There are times when all we have is our fantasies and I like to write about mine as I did earlier today. “The Fantasy” is just another one of my loosely written fantasies and yes I do get excited when I write about them. Sometimes, you just need to release all that pent up emotion but the thing is everything I write is an extension of myself and how I am in person with someone and yes I am that sensual, that romantic and that attentive.
We are so accustomed to disguise ourselves to others that in the end we become disguised to ourselves.
My third grade teacher wrote on my report card that I daydreamed to much, well I still daydream to much but it’s the only thing that I have to take me away from all the pain and suffering in my life. I used to think it was bad to dream but it’s the dreamers of the world that make the most changes, the best changes and yes we dream but our dreams are good ones. My dreams are put down in words in the form of fantasy most of the time and yes I dream a lot about romantic and sexual encounters.
There is nothing wrong with dreaming about such things because I hurt no one, I lead no one and no one ever gets hurt. The fantasies are a way to escape into the arms of someone who cares for me, someone who loves me and someone who can bring pleasure to my body and mind. Today, I wrote a little fantasy in another blog I have and I can fantasize so good I can actually feel the person, see his face and feel his touch.
I miss the company of a man so much but I am so picky that I refuse to lie with just anyone and that is why it’s been so long since I have been really involved with anyone. The right guy will come along when he is supposed to but it’s so damn hard being alone night after night and having no one to share my days with. I love to kiss and to cuddle and making love is something that is so special to me that i refuse to lie with just any man.
One day I will be happy and one day life will be easier for me but waiting for that day is so hard and yes the tears flow because I am so emotional. There are people who are to mental and then there are people like me that are to emotional but that is the way we are wired and nobody can change that. I like my men tall because they give me a sense of security and I have never felt secure in so very long but one day, yes one day life will change for me.
I’ve been chatting with someone with the last name of Knot and we got disconnected online so I placed another ad, Knot where did you go? Well wouldn’t you know every Tom, Dick and Harry answered the ad and think that I’m into bondage, getting tied up, lmao. Men are so fucking stupid sometimes and I just love the emails saying they need to be discrete! I do not do married men for one thing and if you are so dumb you think the ad is looking for kinky sex then you are definitely to stupid for me.
Im no genius but I am far from stupid but seem to keep running into some really ignorant people and that just doesn’t work for me. Then there are all of the scammers out there looking for a woman to prey on and get her to send money. The thing is I wouldn’t send a damn dime to anyone even if I did have it but I don’t of course and my patience is wearing pretty thin lately as the stress has taken over.
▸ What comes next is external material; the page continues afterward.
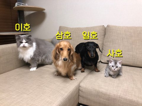 단모닥스훈트 일호 , 스코티쉬폴드 이호 , 장모닥스훈트 삼호, 먼치킨 사호 이렇게 북적북적 하게 지내고있어요
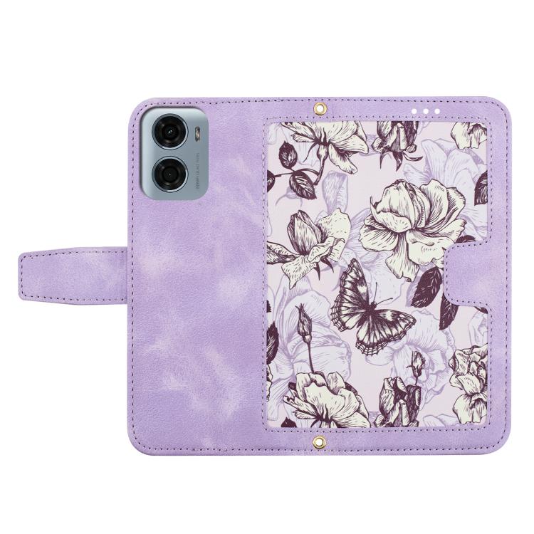 Funda de Cuero con Estampado Floral y Cordón para Motorola Moto G05 (Morado Claro)

Life is so damn hard and never seems to get better for very long but this has got to change eventually because no one person should have to live the life I have lived. I try not to cry every day but it’s the only stress reliever that I have available to me at the moment. I go to the gym and try to get the endorphins to kick in and uplift my mood and it does help for a while but then the tears come again.
I’m sure your life is so much easier and you no doubt have a girlfriend probably in Germany for all I know and yes you fly around the world everyday in your private jet, eating fancy meals and dealing with other wealthy or well known people and here I am just a simple person who has so much love to give but obviously I am not good enough for the likes of you, now am I??? You so enjoy reading about my fucked up life for whatever reason and you seem to get off on reading about my suffering.
You could so change my life but you will not come near me as if I am some kind of venereal disease, as if I could bring harm to you in some way but this is not true, not true one bit. I have given up on ever meeting you because I am not the type of woman you obviously seek out. I am to honest, warm, kind, giving and loving and that isnt what you are looking for I guess. You like the very thin and attractive women, the stupid bitches that just want to live the high life like yourself.
You keep going the way you are and you will be a very lonely old man without any real love, even Irina quit loving you the way you need to be loved and you quit loving her the same way. Maybe one day you will wake up and realize that you are more than money, more than fame, you my dear are a good soul in a fucked up world and you move to the beat of fame and wealth but strip that all away and what are you? Who are you?